Stream processing is a popular paradigm that is becoming more relevant as many applications provide low-latency response time and new application domains emerge that naturally demand data to be processed in motion. One particularly attractive characteristic of the stream-processing paradigm is that it conceptually unifies batch processing (bounded/static historic data) and continuous near-real-time data processing (unbounded streaming event data).
Implementing a unified batch and streaming data architecture is in practice not seamless—near-real-time event data and bulk historic data use different storage systems (messages queues or logs vs. file systems or object stores).
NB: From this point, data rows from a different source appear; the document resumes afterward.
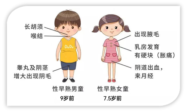 女孩7.5周歲之前出現(xiàn)乳房觸痛、乳頭突出或者外觀(guān)隆起的乳房發(fā)育方面的反應(yīng),或者陰部開(kāi)始出現(xiàn)陰毛,陰道會(huì)流出少量分泌物,就有可能為性早熟。
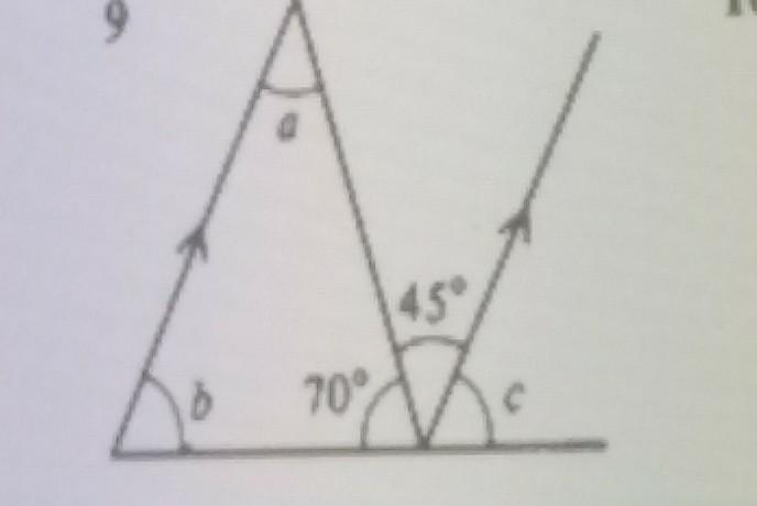 1) 180° - 70° - 45° = 65° (∠с)
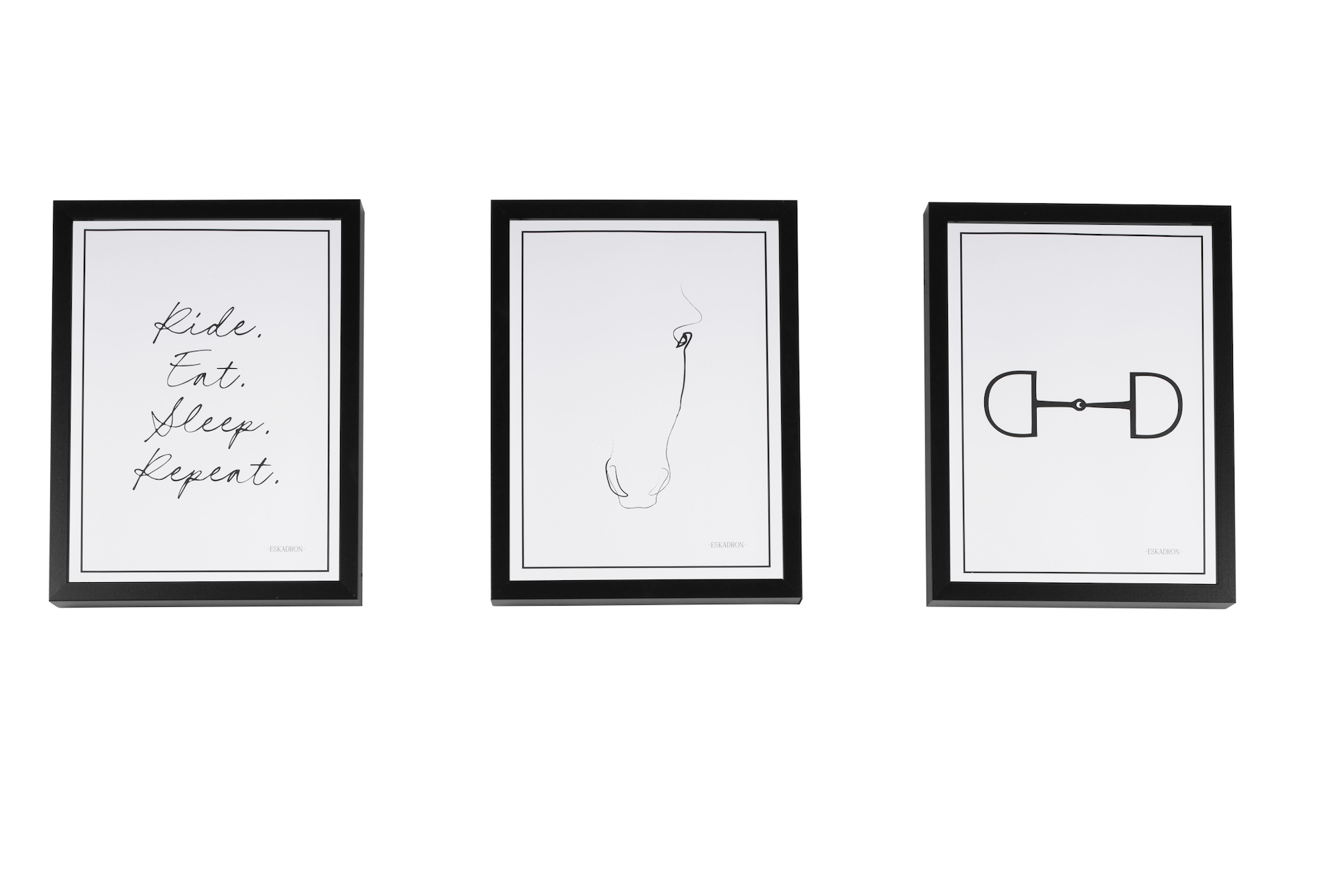 Breng stijl en sfeer in je stal, zadelkamer of thuis met deze wanddecoratie-set van 3 posters uit de Eskadron Platinum collectie. De set bestaat uit drie prints (zonder lijst) die perfect met elkaar te combineren zijn voor een moderne en elegante uitstraling. De posters hebben een formaat van A3 (29,7 x 42 cm) en worden zonder lijst geleverd, zodat je ze naar eigen smaak kunt inlijsten of ophangen.
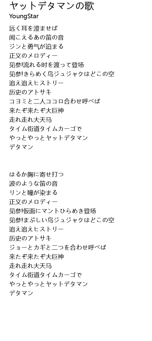 | 歌曲 | ヤットデタマンの歌 |

Consequently, running the same analysis now and at some arbitrary time in the future (e.g., months, possibly years ahead) means dealing with different data sources and APIs. Few systems are capable of handling both near-real-time streaming workloads and large batch workloads at the same time. And streaming workloads tend to be inherently dynamic, requiring both storage and compute to adjust continuously for maximum resource efficiency.
In this talk, we present an open source streaming data stack consisting of Pravega (stream storage) and Apache Flink (computation on streams). The combination of these two systems offers an unprecedented way of handling “everything as a stream,” while dynamically accommodating workload variations in a novel way. Pravega enables the ingestion capacity of a stream to grow and shrink according to workload and sends signals downstream to enable Flink to scale accordingly.
Pravega offers a permanent streaming storage, exposing an API than enables applications to access data in either near-real time or at any arbitrary time in the future in a uniform fashion. Apache Flink’s SQL and streaming APIs provide a common interface for processing continuous near-real-time data, sets of historic data, or combinations of both. A deep integration between these two systems gives end-to-end exactly-once semantics for pipelines of streams and stream processing and lets both systems jointly scale and adjust automatically to changing data rates.